1

Here's example from the documentation:

 byte[] output = new byte[100];
 Deflater compresser = new Deflater();
 compresser.setInput(input);
 compresser.finish();
 int compressedDataLength = compresser.deflate(output);
 compresser.end();

but DeflaterOutputStream does this:

        if (!def.finished()) {
            def.setInput(b, off, len);
            while (!def.needsInput()) {
                 int len = def.deflate(buf, 0, buf.length);
                 if (len > 0) {
                 out.write(buf, 0, len);
               }
            }
        }

which makes me think that just because you've gotten a non-zero return from a call to deflate() does not mean that your entire input was compressed.

Is this correct? In the documentation, I'm having trouble finding where this is explicitly mentioned.

1
  • There might not be room in the buffer to compress the entire input.
    – tgdavies
    Commented Feb 11 at 21:22

1 Answer 1

2

It will not have finished if you didn't give it enough output space. You need to keep calling deflate() with more output space until finished() is true.
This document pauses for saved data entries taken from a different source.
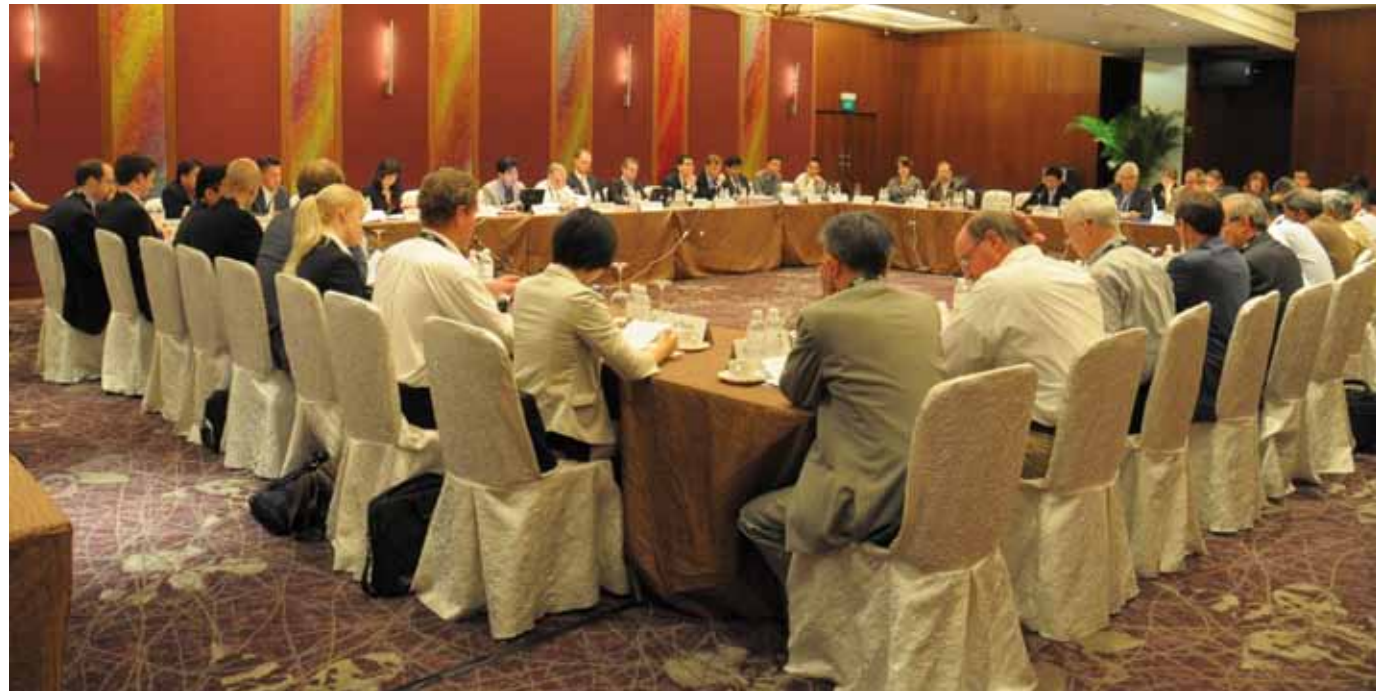
Participants at the 11th CSCAP Study Group Meeting

R SIS hosted the Eleventh Meeting of the Council for Security Cooperation in the Asia Pacific (CSCAP) Study Group on “Countering the Proliferation of Weapons of Mass Destruction (WMD)” in Singapore on 3-4 July 2010. CSCAP is a forum of 21 countries in which government and non-government experts discuss a range of regional policy issues through specialized study groups. The WMD Study Group focuses on the proliferation of nuclear, biological and chemical weapons. Its primary mission is to develop a comprehensive Handbook on Preventing the Proliferation of Weapons of Mass Destruction in the Asia-Pacific . It meets biannually and works towards consensus on advice to governments on issues such as arms control and disarmament, nonproliferation efforts with respect to state as well as non-state actors, and regional threat perceptions and security-related developments.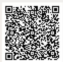
Scan QR Code

Huttons The Agency of Choice Call for Viewing +65-83889353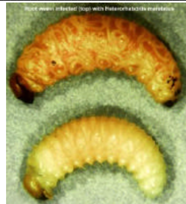
Root weevil infected with nematodes (top)

Entomopathogenic nematodes have several important attributes that make them excellent candidates for biological control of soil insects. 1) they are specialized to carry and introduce symbiotic bacteria into the insect hemocoel, 2) most have a broad host range that includes the majority of insect orders and families, 3) several species can be cultured artificially on a large scale, which makes it possible to commercially produce large quantities, and 4) they have limited impact on nontarget organisms and are not disruptive to the environment. Numerous insect pests on many different crops are controlled by parasitic nematodes. Insect hosts include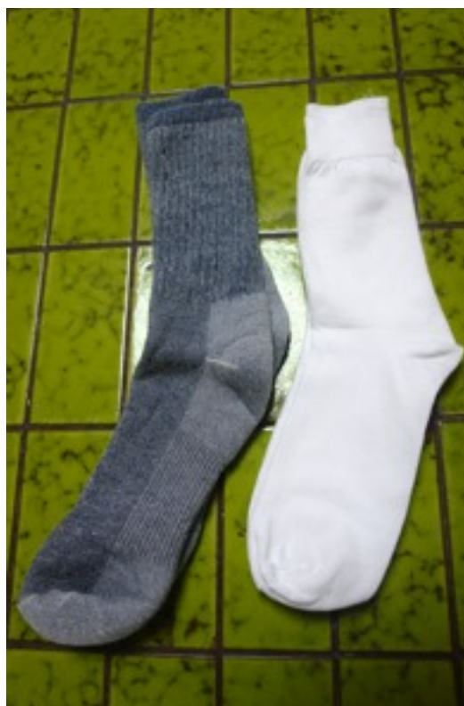
Figure 10. Stockings Right--Thermolite Inner Wick Dry Stocking Liners Left --Outer Outdoor Merino Wool Trail Socks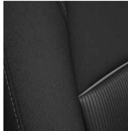
Black Cloth (GLX)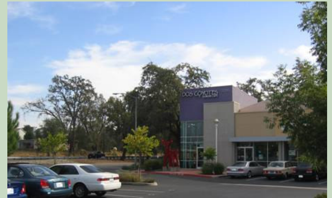
One of several restaurants that back up to the Humbug-Willow Creek Trail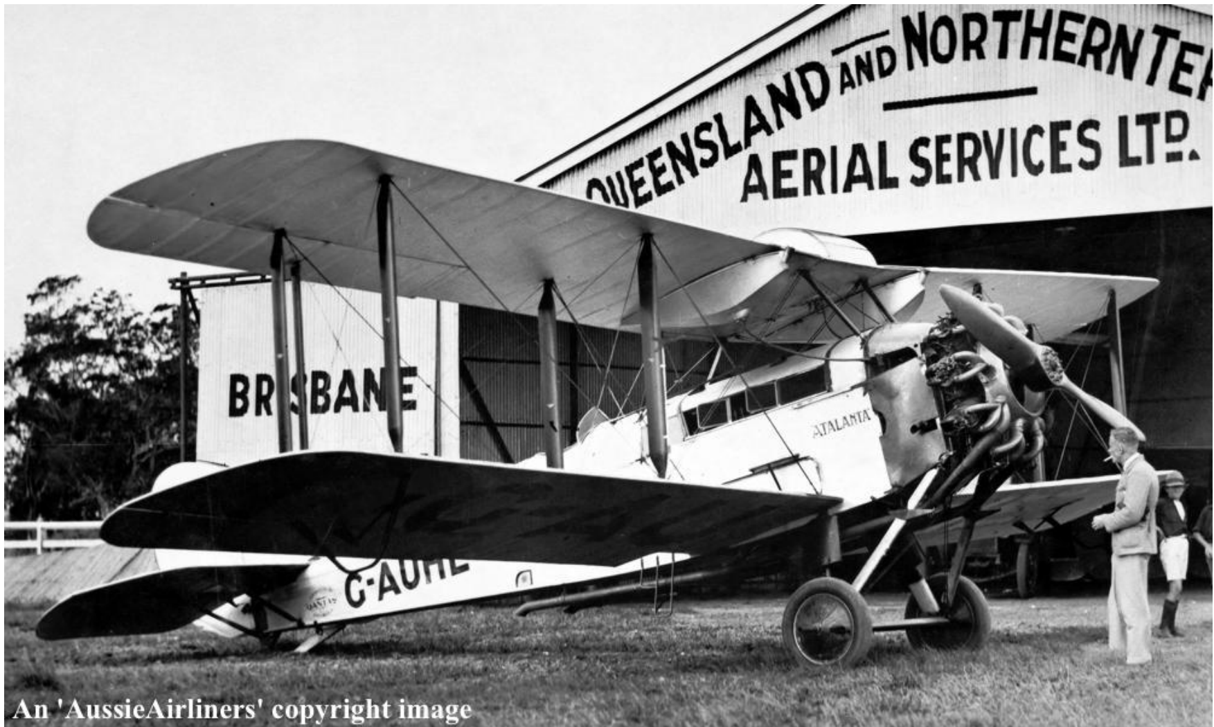
G-AUHE. 'Atalanta' – de Havilland DH.50J. Brisbane Airport, date unknown.

The 'Qantas' titles were located on the rear fuselage.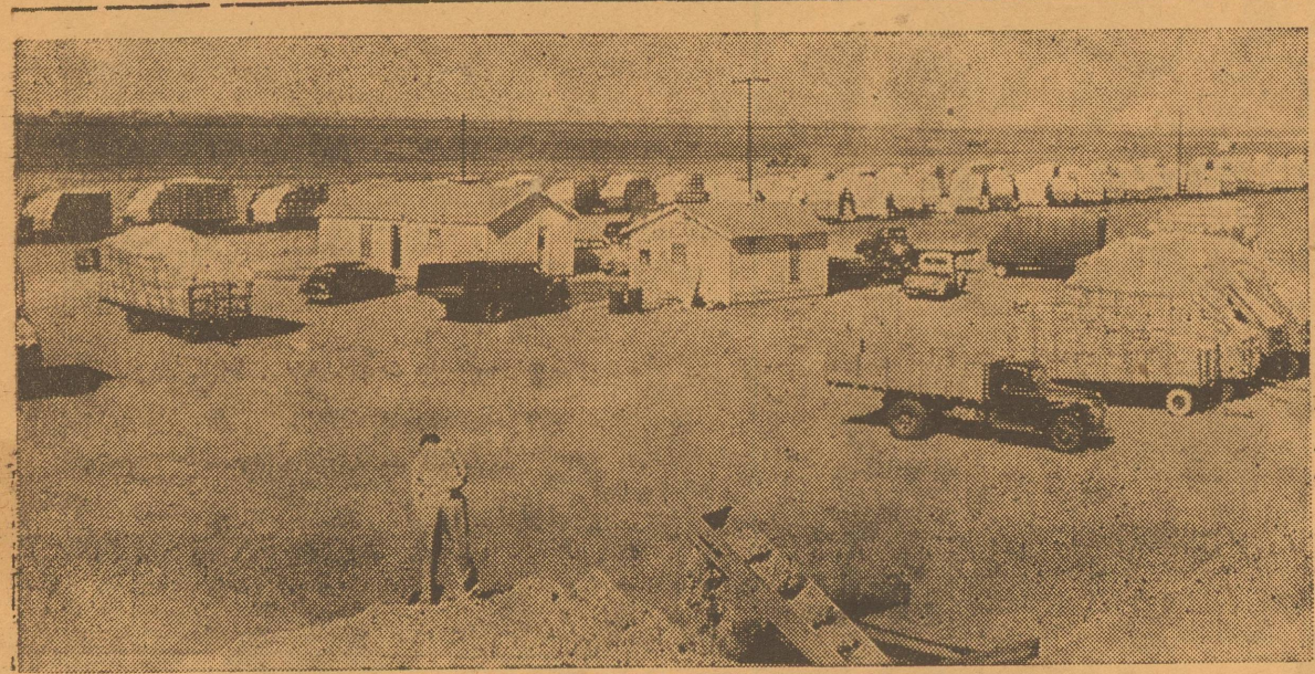
Typical gin yard scene is this one taken near narvest peak at the gin south of Hub.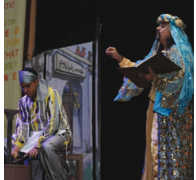
Hakawati at the Abu Dhabi University Week of Welcome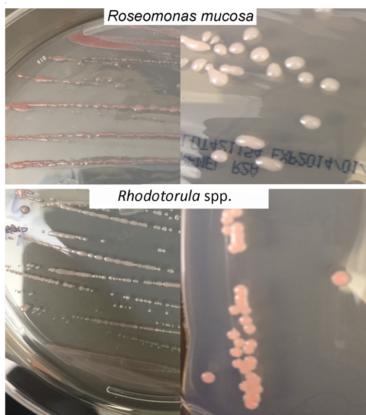
Fig. 2 Colony morphology for Roseomonas mucosa and Rhodotorula spp. Colony morphology for two different strains of Roseomonas mucosa (top) and Rhodotorula spp. (bottom; R. mucilaginosa , right; R. minuta/slooffiae , left) streaked linearly (left) or with four-quadrant technique (right) on R2A agar

volunteers (Fig. 1b). The predominant Gram-negative bacterium isolated by our methods was Roseomonas mucosa , a member of the alphaproteobacteria class. For two volunteers (2 and 3), no growth was seen from R2A broth, but indicated species were isolated from the HBSS tube. Other species isolated included the gamma-proteobacteria Pseudomonas aeruginosa , Pseudomonas luteola , Pseudomonas oryzihabitans , Acinetobacter radioresistens , Pantoea septica , and Moraxella osloensis . Swabs from one individual grew Methylobacterium species (alphaproteobacteria). These results are consistent with prior reports using phylogenetic and metagenomic sequence analysis [1, 2]. Two subjects grew yeast, Rhodotorula spp. ( R. mucilaginosa and R. minuta/slooffiae ), despite the presence of amphotericin B during culture, including one healthy subject from whom no Gram-negatives were cultured (identified by MALDI-TOF followed by sequencing of ITS region as described previously [8]). Colonies of Roseomonas mucosa and both Rhodotorula spp. had some initial morphological similarities that may make discernment difficult if each species is viewed in isolation (Fig. 2), but they were readily distinguished by Gram-staining.

Note that it will never report that it finished if you didn't tell it that you have provided all of the input with finish(). Which the example does.

16
  • So if you call finish() before, then needsInput() == finished() and if you don't call finish(), then you can add more data input to be a part of the same "block"? Commented Feb 11 at 21:41
  • Yes, until you call finish(), you can keep providing more input with setInput() and more output space with deflate(), and keep compressing forever.
    – Mark Adler
    Commented Feb 11 at 21:48
  • I don't understand your needsInput() == finished(). What you could do is have an inner loop calling deflate() until the output buffer is not filled, and an outer loop called setInput() to provide more input. When that outer loop has reached the end of the input it intends to provide, it would call finish() before heading to the inner loop.
    – Mark Adler
    Commented Feb 11 at 21:50
  • 1
    I said until you request a flush.
    – Mark Adler
    Commented Feb 12 at 17:09
  • 2
    Comments are not for questions. Questions are for questions. I'm not going to answer any more of the infinite stream of questions in the comments here.